▶ DIRECTIONS: Retype the material that follows exactly, limited to the lines from the one with "Szukałam więc dalej, ale" through the one with "Ligero y construido", and keep out all pictures.

▶ INPUT MATERIAL:
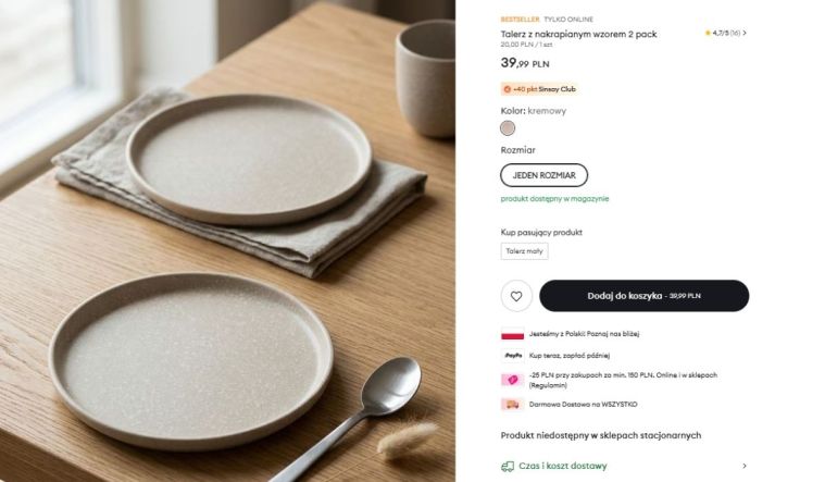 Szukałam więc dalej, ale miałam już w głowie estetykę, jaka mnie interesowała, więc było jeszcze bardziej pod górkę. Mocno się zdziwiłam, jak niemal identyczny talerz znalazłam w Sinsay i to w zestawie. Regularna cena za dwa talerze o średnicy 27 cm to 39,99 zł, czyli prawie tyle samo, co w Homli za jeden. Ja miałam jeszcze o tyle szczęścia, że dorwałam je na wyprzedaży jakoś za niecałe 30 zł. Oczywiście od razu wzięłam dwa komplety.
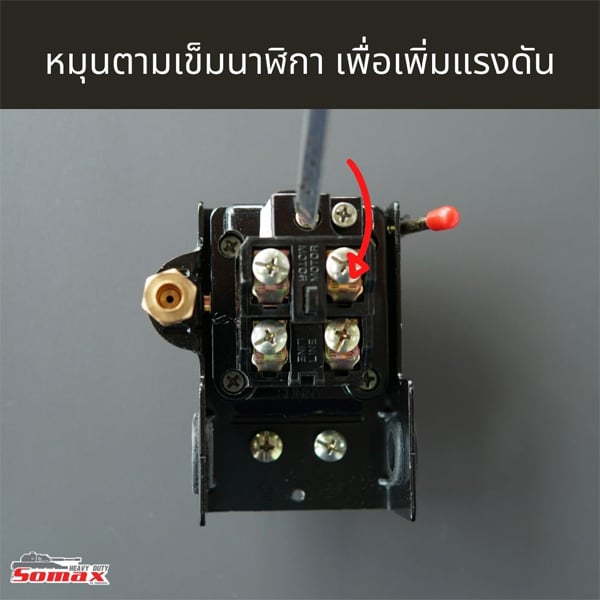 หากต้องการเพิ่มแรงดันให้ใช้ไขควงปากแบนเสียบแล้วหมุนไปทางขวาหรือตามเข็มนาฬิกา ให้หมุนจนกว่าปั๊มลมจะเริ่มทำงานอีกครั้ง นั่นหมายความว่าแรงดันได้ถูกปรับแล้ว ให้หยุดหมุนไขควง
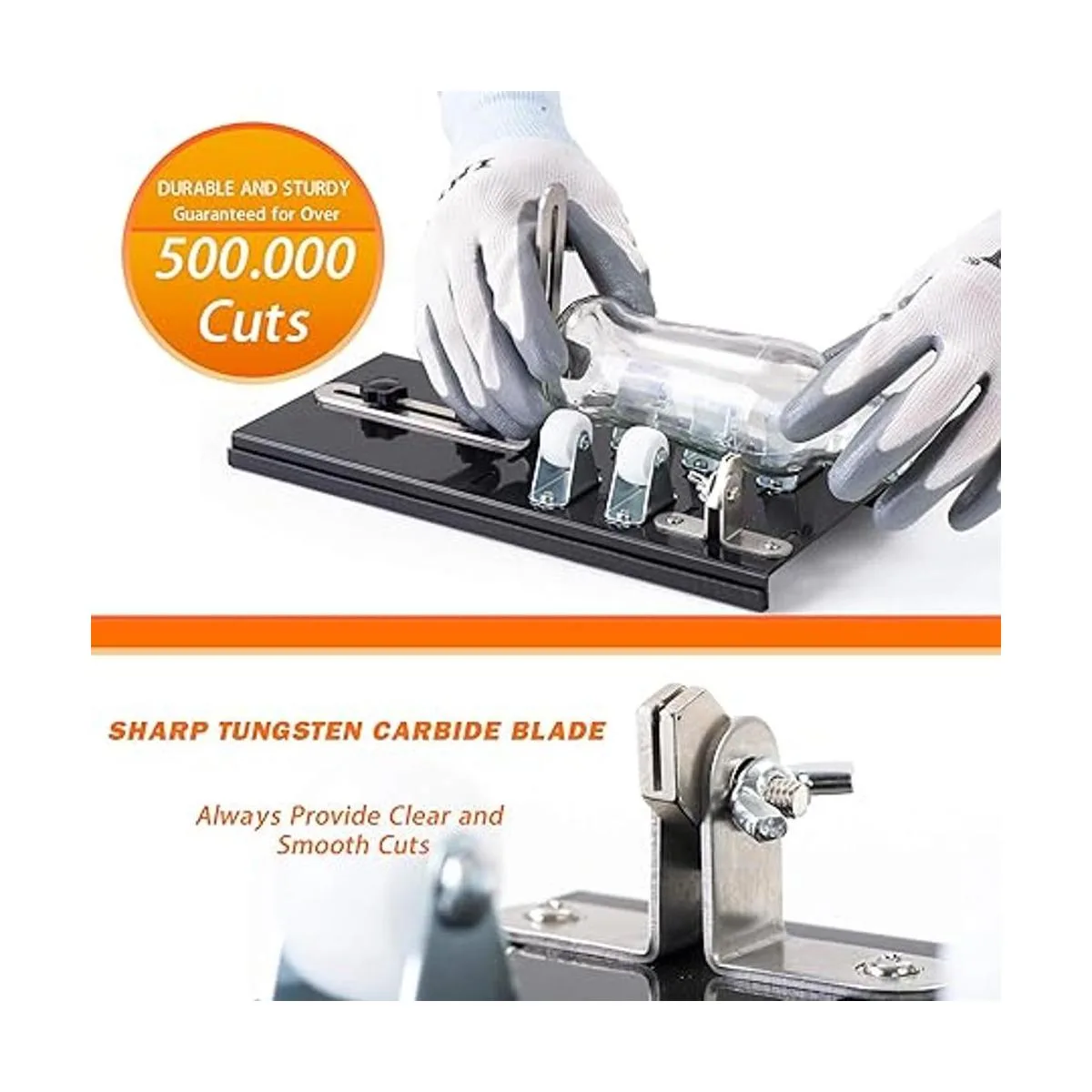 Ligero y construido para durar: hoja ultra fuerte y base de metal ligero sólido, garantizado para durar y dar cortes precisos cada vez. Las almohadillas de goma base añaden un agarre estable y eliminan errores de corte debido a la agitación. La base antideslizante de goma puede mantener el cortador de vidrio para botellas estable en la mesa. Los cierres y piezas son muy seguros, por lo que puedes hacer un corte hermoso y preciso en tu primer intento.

--

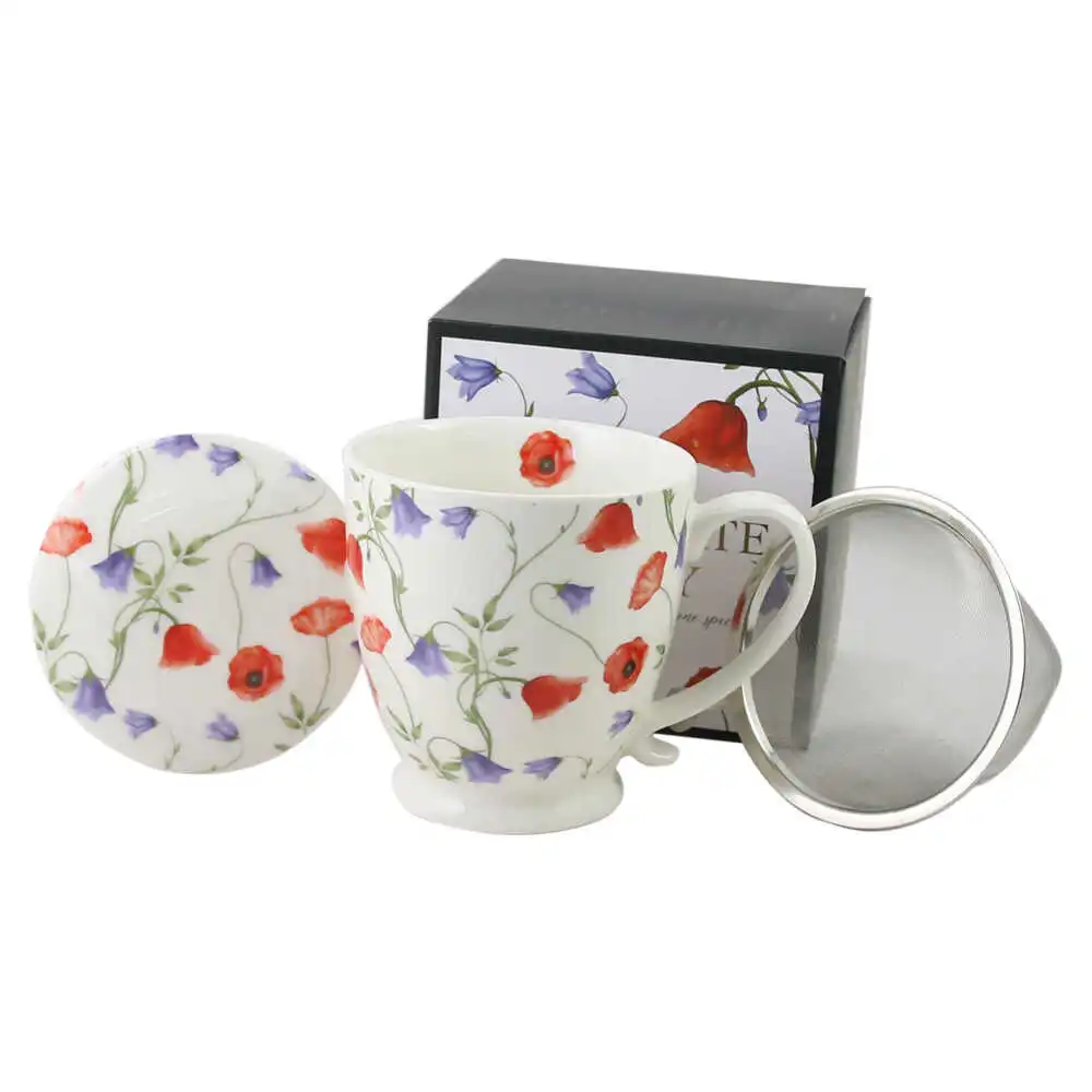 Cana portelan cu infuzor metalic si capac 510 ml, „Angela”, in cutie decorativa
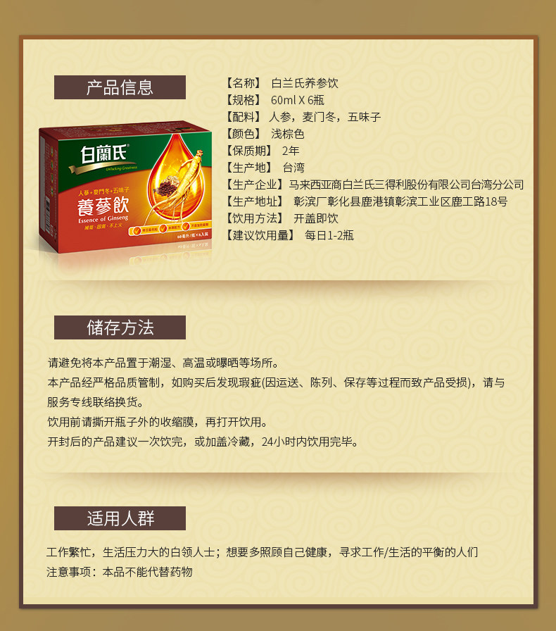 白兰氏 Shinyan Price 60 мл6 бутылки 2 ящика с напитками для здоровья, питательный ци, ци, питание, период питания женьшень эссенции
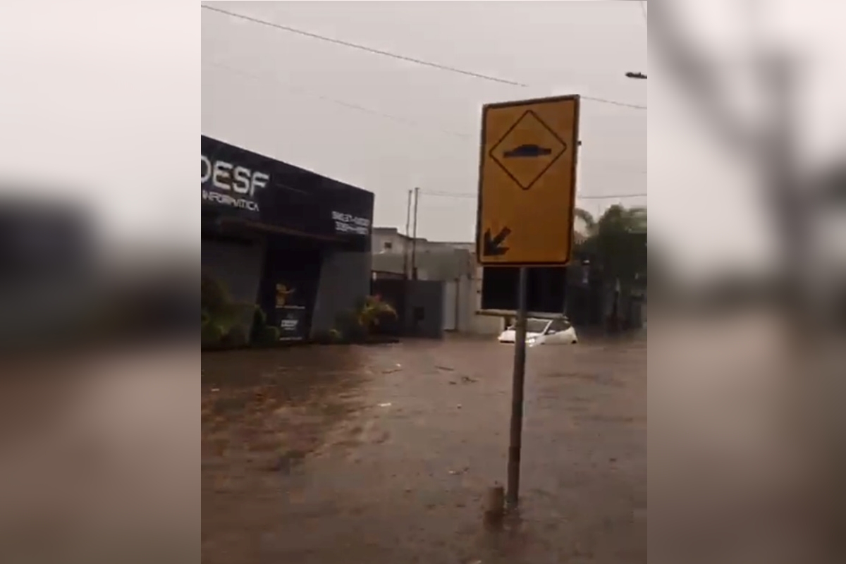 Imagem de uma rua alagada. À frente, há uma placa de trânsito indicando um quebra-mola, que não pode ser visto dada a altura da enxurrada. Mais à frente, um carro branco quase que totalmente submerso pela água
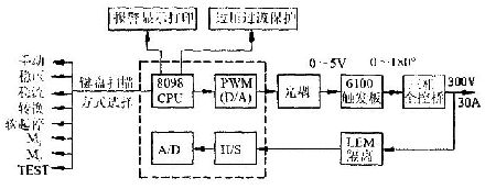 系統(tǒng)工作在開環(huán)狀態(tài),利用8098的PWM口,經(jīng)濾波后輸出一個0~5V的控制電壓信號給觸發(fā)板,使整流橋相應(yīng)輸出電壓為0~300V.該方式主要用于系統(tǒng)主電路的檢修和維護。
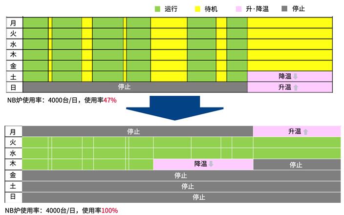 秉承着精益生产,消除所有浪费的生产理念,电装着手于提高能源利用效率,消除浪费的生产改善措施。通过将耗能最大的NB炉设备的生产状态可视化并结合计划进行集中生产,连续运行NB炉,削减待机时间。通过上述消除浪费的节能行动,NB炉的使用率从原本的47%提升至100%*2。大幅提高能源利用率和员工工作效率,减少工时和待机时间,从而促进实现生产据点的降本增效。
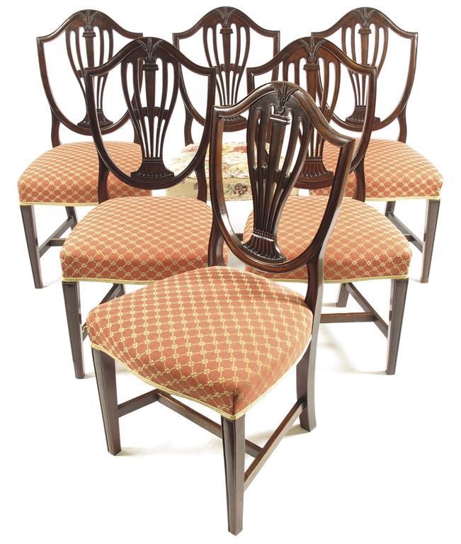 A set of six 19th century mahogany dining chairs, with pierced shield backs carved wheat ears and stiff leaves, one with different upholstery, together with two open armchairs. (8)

▶ RESPONSE AREA:
 Szukałam więc dalej, ale miałam już w głowie estetykę, jaka mnie interesowała, więc było jeszcze bardziej pod górkę. Mocno się zdziwiłam, jak niemal identyczny talerz znalazłam w Sinsay i to w zestawie. Regularna cena za dwa talerze o średnicy 27 cm to 39,99 zł, czyli prawie tyle samo, co w Homli za jeden. Ja miałam jeszcze o tyle szczęścia, że dorwałam je na wyprzedaży jakoś za niecałe 30 zł. Oczywiście od razu wzięłam dwa komplety.
 หากต้องการเพิ่มแรงดันให้ใช้ไขควงปากแบนเสียบแล้วหมุนไปทางขวาหรือตามเข็มนาฬิกา ให้หมุนจนกว่าปั๊มลมจะเริ่มทำงานอีกครั้ง นั่นหมายความว่าแรงดันได้ถูกปรับแล้ว ให้หยุดหมุนไขควง
 Ligero y construido para durar: hoja ultra fuerte y base de metal ligero sólido, garantizado para durar y dar cortes precisos cada vez. Las almohadillas de goma base añaden un agarre estable y eliminan errores de corte debido a la agitación. La base antideslizante de goma puede mantener el cortador de vidrio para botellas estable en la mesa. Los cierres y piezas son muy seguros, por lo que puedes hacer un corte hermoso y preciso en tu primer intento.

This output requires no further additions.